SCR: Post-Retrieval Selective Content Reduction for sLM Efficiency
The SCR procedure is invoked after document retrieval, prior to prompt construction for sLM inference. The method applies sentence-level chunking (sliding windows with overlap), recalculates embedding similarities to the query, and selects only the most relevant segments—optionally extending context by a fixed number of sentences before/after selection. Documents are re-ranked according to segment-level similarity, further refining prompt coherence and relevance. This post-retrieval reduction sharply curtails the effective context size fed to the sLM, leading to significant improvements in latency and lower energy draw with no detectable degradation in retrieval accuracy.
Figure 6: SCR architecture enables precise selection and contextual merging of relevant content for efficient prompt construction.
Quantitative analysis confirms up to 42% reduction in input token count for SQuAD, 31% for TriviaQA, and 7% for HotpotQA while maintaining original accuracy levels. The SCR approach outperforms both naive chunk-size reduction and general-purpose text compression, achieving better resource utilization (see Figure 7, Figure 8) and robust downstream accuracy.
Figure 7: Comparative evaluation of SCR-based MobileRAG, Naive-RAG with small chunks, and compressor approaches: SCR balances context and efficiency without accuracy loss.
MobileRAG was benchmarked on a Galaxy S24 (8GB RAM, Exynos 2400, Android 14) using large-scale datasets for both ANNS (SIFT, NYTimes) and QA tasks (SQuAD, HotpotQA, TriviaQA). Key results include:
- Memory: EcoVector achieves memory efficiency similar to disk-centric baselines (IVF-DISK, IVF-HNSW), permitting index sizes far beyond RAM capacity.
- Search Latency: EcoVector yields up to 8.89× lower latency at comparable recall (SIFT @ 0.93 recall@10).
- TTFT: MobileRAG’s integrated SCR reduces TTFT by 1.18–1.41× across sLM backends.
- Power Consumption: EcoVector and SCR together yield overall pipeline power savings of 24.4–40.2% versus leading baselines.
- Update Latency: EcoVector’s partitioned graph structure enables scalable, balanced insert/delete operations.
- Accuracy: MobileRAG’s SCR approach matches or exceeds RAG variants employing explicit re-rankers, with advanced document reordering.
Figure 9: EcoVector sustains moderate insertion and deletion latency via cluster-local graph updates, balancing update throughput and efficiency.

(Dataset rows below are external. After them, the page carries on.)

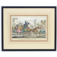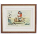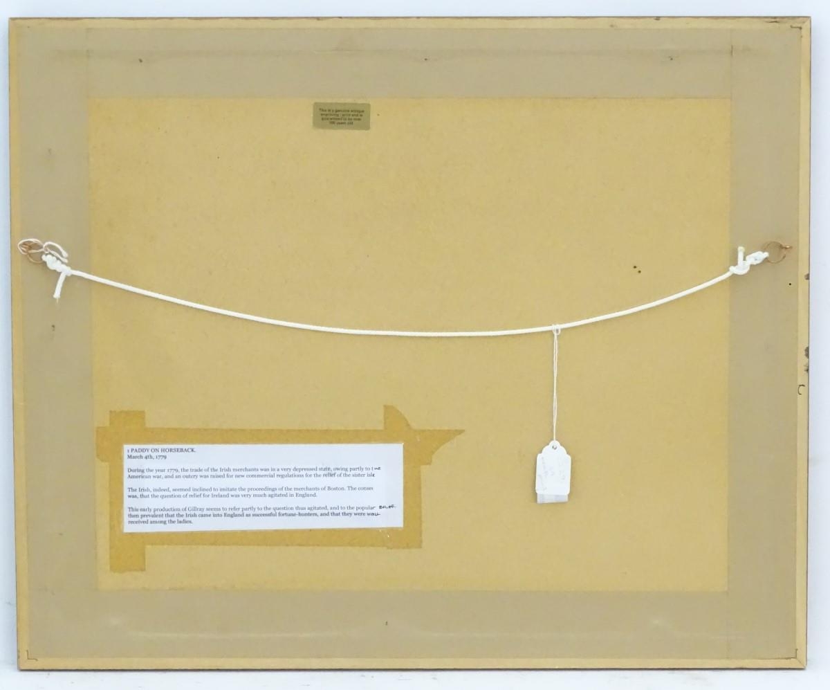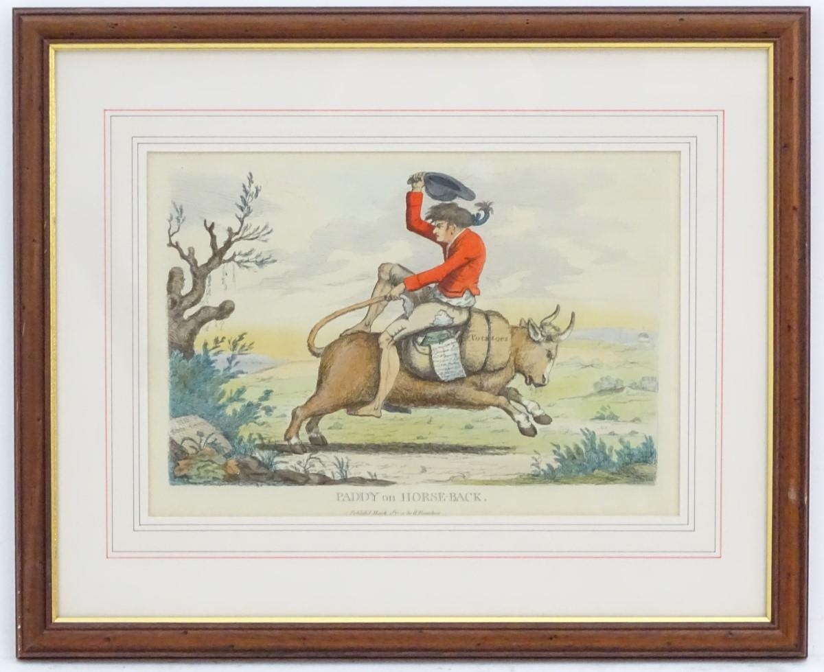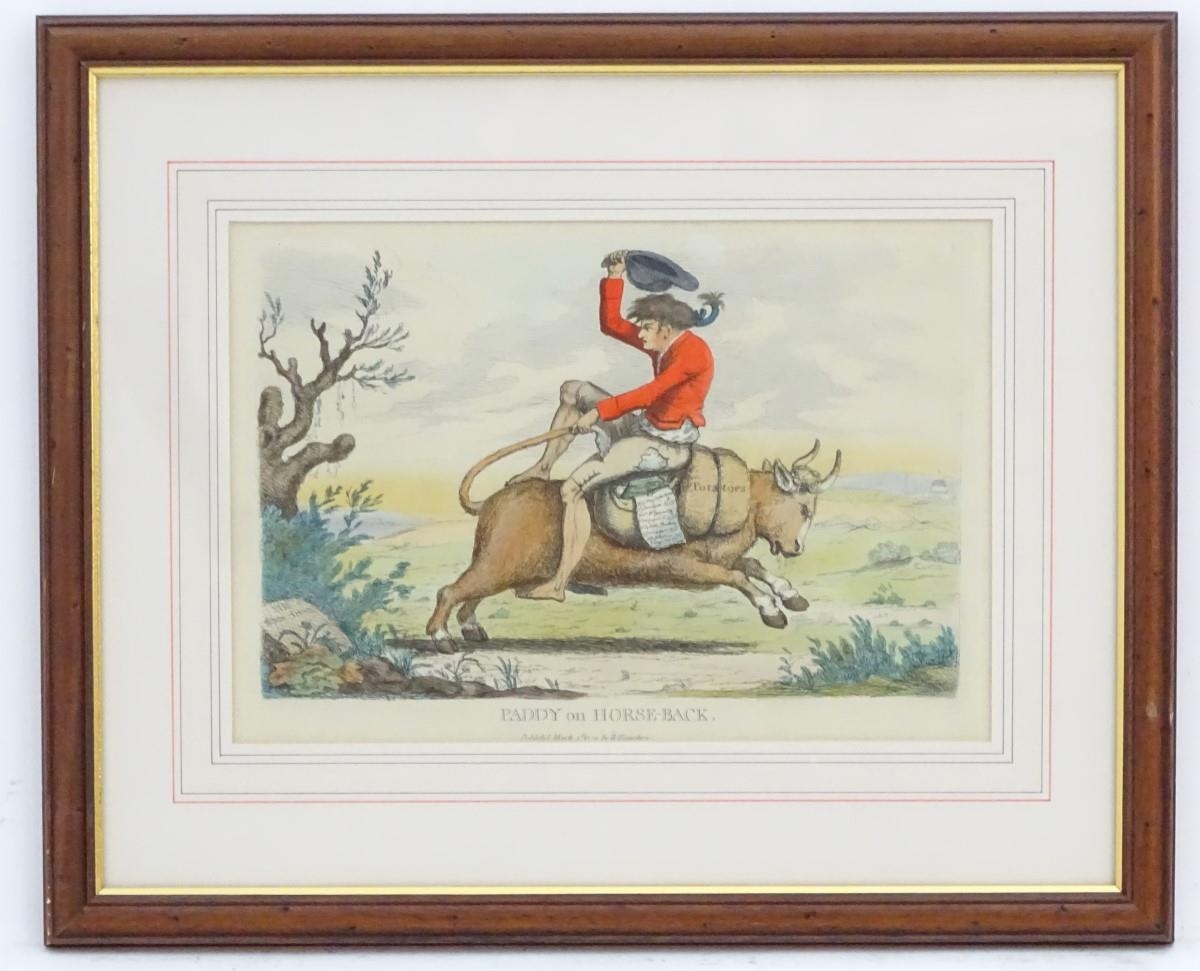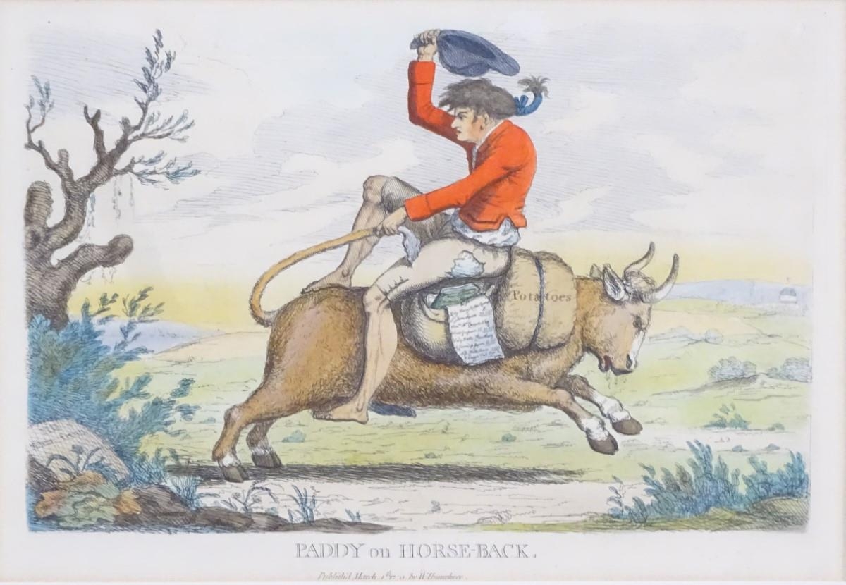 After James Gillray (1756-1815), Hand coloured etching, Paddy on Horseback, An Irishman seated on a bull in a landscape, Titled under. Published by H. Humphrey, March 1779. Approx. 10'' x 14 1/2''
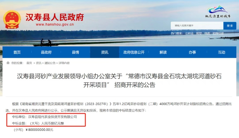近日,湖南省常德市漢壽縣人民政府發(fā)布了漢壽縣金石垸、太湖垸河道砂石開(kāi)采項(xiàng)目中標(biāo)結(jié)果。通過(guò)招商比選,漢壽縣現(xiàn)代農(nóng)業(yè)投資開(kāi)發(fā)有限公司以8億元中標(biāo)了這2處河砂開(kāi)采權(quán),采砂控制量為4000萬(wàn)噸,成交單價(jià)為20元/噸。
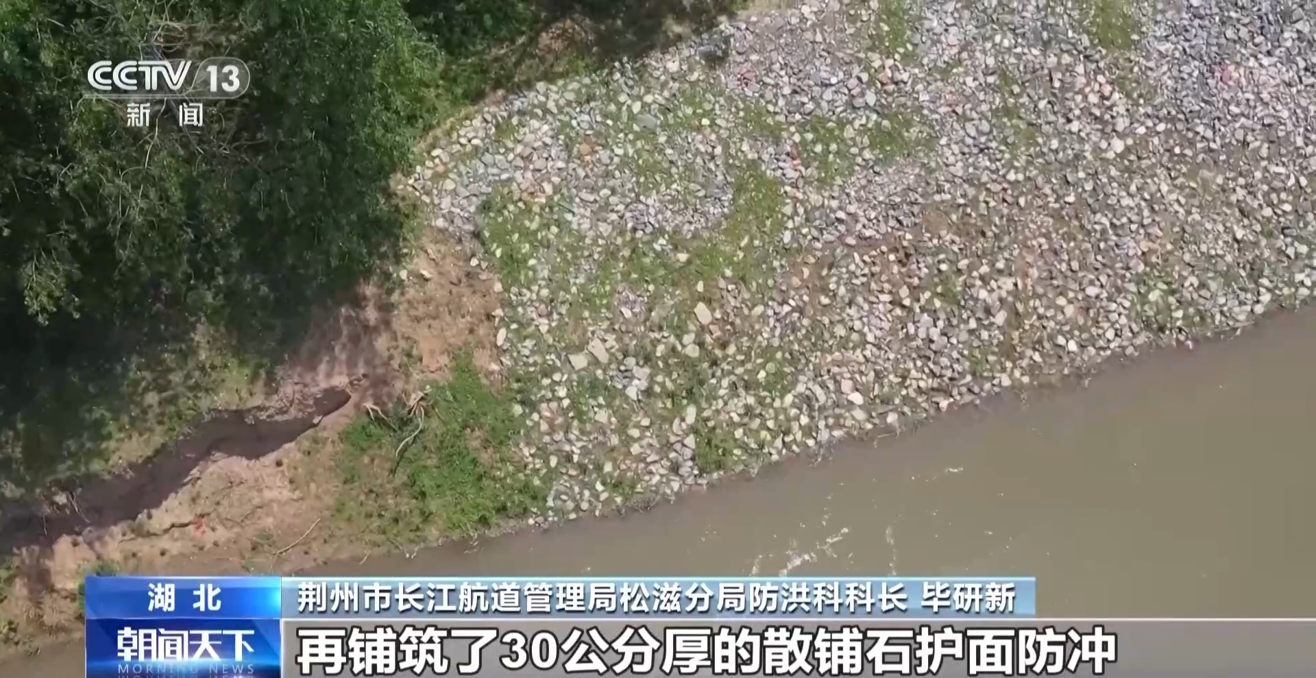 荆州市长江航道管理局松滋分局防洪科科长 毕研新:水下进行了抛石固脚,水上进行了坡面的削坡、减载,再铺筑了30厘米厚的散铺石护面防冲,离堤脚最近的这段距离,得到有效保护。

Figure 10: Breakdown of TTFT on HotpotQA: SCR overhead is offset by substantial gains in sLM inference speed.
Practical and Theoretical Implications
MobileRAG’s hybrid index architecture and post-retrieval selective reduction represent critical advances for on-device deployment of RAG pipelines. The design ensures strict data privacy (offline operation), supports large-scale personal data collections, and enables real-time, contextualized query-response capabilities. The methodology is extensible to diverse sLM models, supporting progressive improvements in mobile-oriented inference by exploiting memory, energy, and context-control algorithms. The analytical models provided for memory, latency, and power constitute a rigorous framework for future mobile RAG optimization.

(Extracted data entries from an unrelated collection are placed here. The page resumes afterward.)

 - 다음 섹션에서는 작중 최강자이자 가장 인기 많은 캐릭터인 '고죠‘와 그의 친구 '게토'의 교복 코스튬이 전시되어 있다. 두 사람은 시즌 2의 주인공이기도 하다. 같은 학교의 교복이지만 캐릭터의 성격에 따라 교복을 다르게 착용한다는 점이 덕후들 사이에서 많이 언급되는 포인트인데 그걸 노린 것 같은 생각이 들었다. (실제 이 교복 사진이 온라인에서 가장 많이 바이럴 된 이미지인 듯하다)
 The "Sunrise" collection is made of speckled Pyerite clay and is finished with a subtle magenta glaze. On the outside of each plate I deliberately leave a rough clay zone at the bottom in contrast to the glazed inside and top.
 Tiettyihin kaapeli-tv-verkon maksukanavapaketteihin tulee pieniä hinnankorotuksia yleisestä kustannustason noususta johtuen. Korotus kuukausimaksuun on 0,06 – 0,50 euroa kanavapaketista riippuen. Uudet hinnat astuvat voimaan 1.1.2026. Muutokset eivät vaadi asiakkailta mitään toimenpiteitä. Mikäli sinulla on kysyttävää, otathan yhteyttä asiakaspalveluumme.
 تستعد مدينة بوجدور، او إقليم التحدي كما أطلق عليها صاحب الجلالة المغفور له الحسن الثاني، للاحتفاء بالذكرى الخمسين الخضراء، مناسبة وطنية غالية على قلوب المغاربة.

Figure 11: Comparative overview of RAG methods, with MobileRAG uniquely supporting fully on-device resource-constrained operation.
Figure 12: Document source reference tracking in the MobileRAG chat application supports transparent, context-rich responses.
Conclusion
MobileRAG introduces a comprehensive architecture for fast, memory- and energy-efficient RAG on mobile devices, integrating partitioned graph indexing with post-retrieval content refinement. Empirical evaluations demonstrate strong improvements in memory usage, search latency, TTFT, and power consumption, with competitive or superior QA accuracy versus established baselines. These results validate MobileRAG's viability for real-world on-device deployment and provide a foundation for future exploration of NPU/GPU co-processing and advanced embedding strategies for mobile-scale RAG.